As a graduate student, he became thoroughly familiar with the best thinking then current in his field. Under the spell of the late 20th-century critical mindset, the academic study of organizations (as well as popular notions about management) was entirely focused on problems and deficits, pathology and dysfunction.

So the student set out to discover (more accurately, to diagnose) what might be ailing the Cleveland Clinic. He found something entirely different. And what he discovered has shaken many long-entrenched beliefs about organizations, and even about people.

Instead of finding a sick organization at the Cleveland Clinic, his questions led him to sources of life and energy: cooperation, innovation, egalitarian governance. That didn't fit into the deficit models he'd learned in graduate school.
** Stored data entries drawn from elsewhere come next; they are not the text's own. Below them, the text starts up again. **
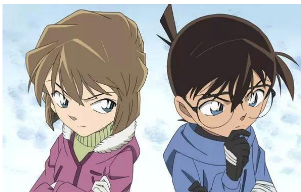
圖五、柯南與灰原
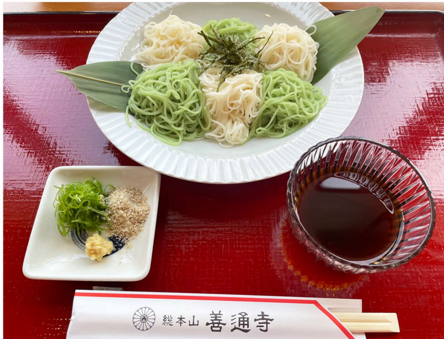
小豆島手延素麺・オリーブ素麺 ¥1,000 (1日10食限定)
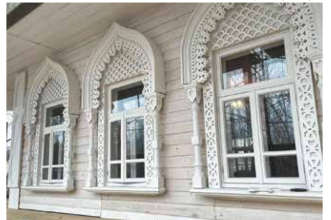
Администрация города Перми

Судьба другого сохранившегося здания деревянного зодчества будет решена
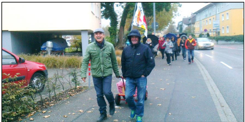
Start am Messeplatz

einander mit dem Auto. Wie bei allen Veranstaltungen gab es auch hier einen harten Kern zu beobachten. So waren einige Damen und Herren der Meinung SIE müssten das Licht in der Kneipe ausschalten.

So he proposed an entirely different study: an investigation into the factors that contributed to the clinic functioning at its best, the forces that gave it life. It was the first large-scale inquiry based on such a model.

The student was David Cooperrider, who we'll meet again in a few pages. His experience at the Cleveland Clinic was the first step in developing a promising new way of advancing people and organizations: appreciative inquiry.

The term may well be new to you. And if you're at all like me, you may be cringing at the thought of yet one more management buzzword. It's a good bit more than that. I've become convinced that appreciative inquiry offers tremendous potential to promote the growth and vitality of human systems, especially those devoted to the common good.

We've already seen the value of inquiry, asking questions because we want to learn something new. This kind of inquiry revives the sense of wonder that opens up new options. Thanks to David, I have come to value my presence as an everlasting beginner far more highly than any expertise I might offer. As the Zen master Shunryo Suzuki-Roshi put it, "In the beginner's mind there are many possibilities, but in the expert's there are few."

What about appreciation? In an age of criticism and even cynicism, that may sound a bit "soft." But in fact appreciation is an unexpectedly powerful act.

When we appreciate something or someone, we often mean we're grateful. That's fine, as a start. We can also mean we're recognizing and liking the qualities of something, treasuring it, valuing it, seeking to understand it fully, as when we appreciate art.

It gets better. When we pause to appreciate something (or someone), the object of our regard can actually increase in value, as a house or business might appreciate. Recall how our belief in an individual exerts an influence vastly greater than we usually recognize. We saw this in the Pygmalion effect--the higher achievement that often follows from being held in high regard--and in what happened for the student at Cambridge when she felt someone had believed in her.

On a much larger scale, remember Frederick Polak's conclusion that a bright image of the future is vital to the destiny of a civilization. As we'll soon see, appreciation is the most effective way to generate such images, and the confidence to bring them to fruition.